Santa Cruz De Tenerife, Saturday October 23 2010
Hundreds of people marched in Tenerife on Saturday to demand decolonisation and independence of the Canary Islands from Spain.
by James Tweedie
Two simultaneous demonstrations in Tenerife's capital Santa Cruz and the neighbouring historic city of La Laguna, organised by a raft of left-wing nationalist organisations, attracted about 200 people each.
Organisers included the Canarian National Alternative (ANC), People's Unity (UP), Inekaren, youth organisation Azarug and regional trade unions IC and FSOC.
La Laguna, or Aguere as the indigenous Canarian Guanche people called it, is the site of the defeat of and death in battle of Grand Mencey Bencomo, then-king of Tenerife, by a Spanish conquistador army on November 14 and 15 1494.
The date marked the 46th anniversary of the white, blue and yellow Canarian flag, which for the separatists bears seven green stars to represent the seven islands of the archipelago.
Marchers chanted: “Out with Spanish colonialism”, “the Canaries is not Spain, the Canaries is a nation” and “independence.”
One banner, written in the Saharan Tuareg Tifinagh script used by the Guanches, read “Canaries Free and Independent.”
The March in Santa Cruz followed a near circular route from the Tenerife Cabildo or island government in Plaza Candelaria, via the sub-delegation of the national government and ending in the Plaza del Principe de Asturias.
Protester Tinguaro Guantecera said that it was time for independence after 500 years of Spanish colonialism.
He said: “The Guanches aren't dead. We are all Guanches. We are immortal.”
Sebastian Garcia of the People's Movement said that the islands were in a perpetual state of economically underdevelopment, complaining that the decline in agriculture in recent decades had left the islands dependant on expensive food imports.
The Canaries lie 2,000 km from Madrid and 100 km from the coasts of Morocco and Western Sahara in north-west Africa.
National Congress of the Canaries (CNC) political journal El Guanche editor Álvaro Morera said: “We are an ultra-peripheral colony of Europe.”
Pablo Deluca added: “This isn't like Catalonia or the Basque Country – this is an African colony like Cape Verde.”
Jaime Afonso said that the archipelago needed “natural development, like adults in our own home.”

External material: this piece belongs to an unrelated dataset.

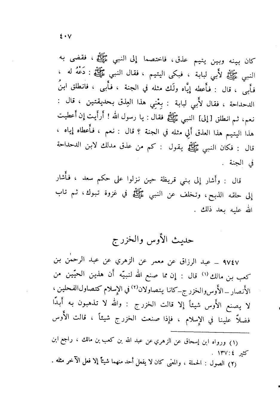 ٩٧٤٧ - عَنْ مَعْمَرٍ، عَنِ الزُّهْرِيِّ، عَنْ عَبْدِ الرَّحْمَنِ بْنِ كَعْبِ بْنِ مَالِكٍ قَالَ: " إِنَّ مِمَّا صَنَعَ اللَّهُ لِنَبِيِّهِ أَنَّ هَذَيْنِ الْحَيَّيْنِ مِنَ الْأَنْصَارِ ـ الْأَوْسَ وَالْخَزْرَجَ ـ كَانَا يَتَصَاوَلَانِ فِي الْإِسْلَامِ كَتَصَاوُلِ الْفَحْلَيْنِ لَا يَصْنَعُ الْأَوْسُ شَيْئًا إِلَّا قَالَتِ الْخَزْرَجُ: وَاللَّهِ لَا تَذْهَبُونَ بِهِ أَبَدًا فَضْلًا عَلَيْنَا فِي الْإِسْلَامِ، فَإِذَا صَنَعْتِ الْخَزْرَجُ شَيْئًا، قَالَتِ الْأَوْسُ ⦗٤٠٨⦘ مِثْلَ ذَلِكَ، فَلَمَّا أَصَابَتِ الْأَوْسُ كَعْبَ بْنَ الْأَشْرَفِ قَالَتِ الْخَزْرَجُ: وَاللَّهِ لَا نَنْتَهِي حَتَّى نُجْزِئَ عَنْ رَسُولِ اللَّهِ صَلَّى اللهُ عَلَيْهِ وَسَلَّمَ مِثْلَ الَّذِي أَجْزَءُوا عَنْهُ فَتَذَاكَرُوا أَوْزَنَ رَجُلٍ مِنَ الْيَهُودِ فَاسْتَأْذَنُوا النَّبِيَّ صَلَّى اللهُ عَلَيْهِ وَسَلَّمَ فِي قَتْلِهِ، وَهُوَ سَلَّامُ بْنُ أَبِي الْحُقَيْقِ الْأَعْوَرُ أَبُو رَافِعٍ بِخَيْبَرَ فَأَذِنَ لَهُمْ فِي قَتَلَهِ وَقَالَ: «لَا تَقْتُلُوا وَلِيدًا وَلَا امْرَأَةً» فَخَرَجَ إِلَيْهِمْ رَهْطٌ فِيهِمْ عَبْدُ اللَّهِ بْنُ عَتِيكٍ، وَكَانَ أَمِيرُ الْقَوْمِ أَحَدُ بَنِي سَلِمَةَ، وَعَبْدُ اللَّهِ بْنُ أُنَيْسٍ، وَمَسْعُودُ بْنُ سِنَانَ، وَأَبُو قَتَادَةَ، وَخُزَاعِيُّ بْنُ أَسْوَدَ، رَجُلٌ مِنْ أَسْلَمَ حَلِيفٌ لَهُمْ، وَرَجُلٌ آخَرُ يُقَالُ لَهُ فُلَانُ بْنُ سَلَمَةَ فَخَرَجُوا حَتَّى جَاءُوا خَيْبَرَ، فَلَمَّا دَخَلُوا الْبَلَدَ عَمَدُوا إِلَى كُلِّ بَيْتٍ مِنْهَا، فَغَلَّقُوهُ مِنْ خَارِجِهِ عَلَى أَهْلِهِ، ثُمَّ أَسْنَدُوا إِلَيْهِ فِي مَشْرَبَةٍ لَهُ فِي عَجَلَةٍ مِنْ نَخْلٍ، فَأَسْنَدُوا فِيهَا حَتَّى ضَرَبُوا عَلَيْهِ بَابَهُ فَخَرَجَتْ إِلَيْهِمُ امْرَأَتَهُ فَقَالَتْ: مِمَّنْ أَنْتُمْ؟ فَقَالُوا: نَفَرٌ مِنَ الْعَرَبِ أَرَدْنَا الْمِيرَةَ قَالَتْ: هَذَا الرَّجُلُ فَادْخُلُوا عَلَيْهِ فَلَمَّا دَخَلُوا عَلَيْهِ أَغْلَقُوا عَلَيْهِمَا الْبَابَ، ثُمَّ ابْتَدَرُوهُ بِأَسْيَافِهِمْ، قَالَ قَائِلُهُمْ: وَاللَّهِ مَا دَلَّنِي عَلَيْهِ إِلَّا بَيَاضُهُ عَلَى الْفِرَاشِ فِي سَوَادِ اللَّيْلِ كَأَنَّهُ قُبْطِيَّةٌ مُلْقَاةٌ قَالَ: وَصَاحَتْ بِنَا امْرَأَتُهُ قَالَ: فَيَرْفَعِ الرَّجُلُ مِنَّا السَّيْفَ لِيَضْرِبَهَا بِهِ ⦗٤٠٩⦘، ثُمَّ يَذْكُرُ نَهْيَ النَّبِيِّ صَلَّى اللهُ عَلَيْهِ وَسَلَّمَ قَالَ: وَلَوْلَا ذَلِكَ فَرَغْنَا مِنْهَا بِلَيْلٍ قَالَ: وَتَحَامَلَ عَبْدُ اللَّهِ بْنُ أُنَيْسٍ بِسَيْفِهِ فِي بَطْنِهِ حَتَّى أَنْفَذَهُ، وَكَانَ سَيِّئَ الْبَصَرِ فَوَقَعَ مِنَ فوق الْعَجَلَةِ فَوُثِيَتْ رِجْلُهُ وَثْيًا مُنْكَرًا قَالَ: فَنَزَلْنَا فَاحْتَمَلْنَاهُ فَانْطَلَقْنَا بِهِ مَعَنَا حَتَّى انْتَهَيْنَا إِلَى مَنْهَرِ عَيْنٍ مِنْ تِلْكَ الْعُيُونِ فَمَكَثْنَا فِيهِ قَالَ: وَأَوْقَدُوا النِّيرَانَ، وَأَشْعَلُوهَا فِي السَّعَفِ، وَجَعَلُوا يَلْتَمِسُونَ وَيَشْتَدُّونَ، وَأَخْفَى اللَّهُ عَلَيْهِمْ مَكَانَنَا قَالَ: ثُمَّ رَجَعُوا قَالَ: فَقَالَ بَعْضُ أَصْحَابِنَا: أَنَذْهَبُ فَلَا نَدْرِي أَمَاتَ عَدُوُّ اللَّهِ أَمْ لَا؟ قَالَ: فَخَرَجَ رَجُلٌ مِنَّا حَتَّى حُشِرَ فِي النَّاسِ فَدَخَلَ مَعَهُمْ فَوَجَدَ امْرَأَتَهُ مُكِبَّةً وَفِي يَدِهَا الْمِصْبَاحُ وَحَوْلَهُ رِجَالُ يَهُودَ فَقَالَ قَائِلٌ مِنْهُمْ: أَمَا وَاللَّهِ لَقَدْ سَمِعْتُ صَوْتَ ابْنِ عَتِيكٍ ثُمَّ أَكْذَبْتُ نَفْسِي فَقُلْتُ: وَأَنِّي ابْنُ عَتِيكٍ بِهَذِهِ الْبِلَادِ فَقَالَتْ شَيْئًا ثُمَّ رَفَعَتْ رَأْسَهَا فَقَالَتْ: فَاظَ وَإِلَهُ يَهُودَ ـ تَقُولُ مَاتَ ـ قَالَ: فَمَا سَمِعْتُ كَلِمَةً كَا

He continued: “The economy is very bad now. Spain owes much money to the world banks, but we don't want to pay for it.
“Here we have 12 million tourists per year. This money buys oil so that the factories of Spain can function.”
CNC leader Antonio Cubillo addressed the rally from inside a loudspeaker-mounted car.
He said it was a “great shame” that the square was named after Spain's equivalent of the Prince of Wales, and pledged to rename it after Mencey Bencomo following independence.
Mr Cubillo and others founded the modern Canarian nationalist movement in exile in Algeria in October 1964, and adopted the Canarian flag.
In 1978 Mr Cubillo was left crippled by an assassination attempt by the Spanish Interior Ministry.
In 1978 Mr Cubillo was left crippled by an assassination attempt by the Spanish Interior Ministry.
Mr Cubillo assured supporters: “We are building a nation, the Federal Republic of the Canaries.”
He accused the socialist and communist parties, who both reject regional separatism, of “dividing the people”
Referring to the low turnout he said: “If there were just two nationalists and patriots struggling for independence, it would be enough.”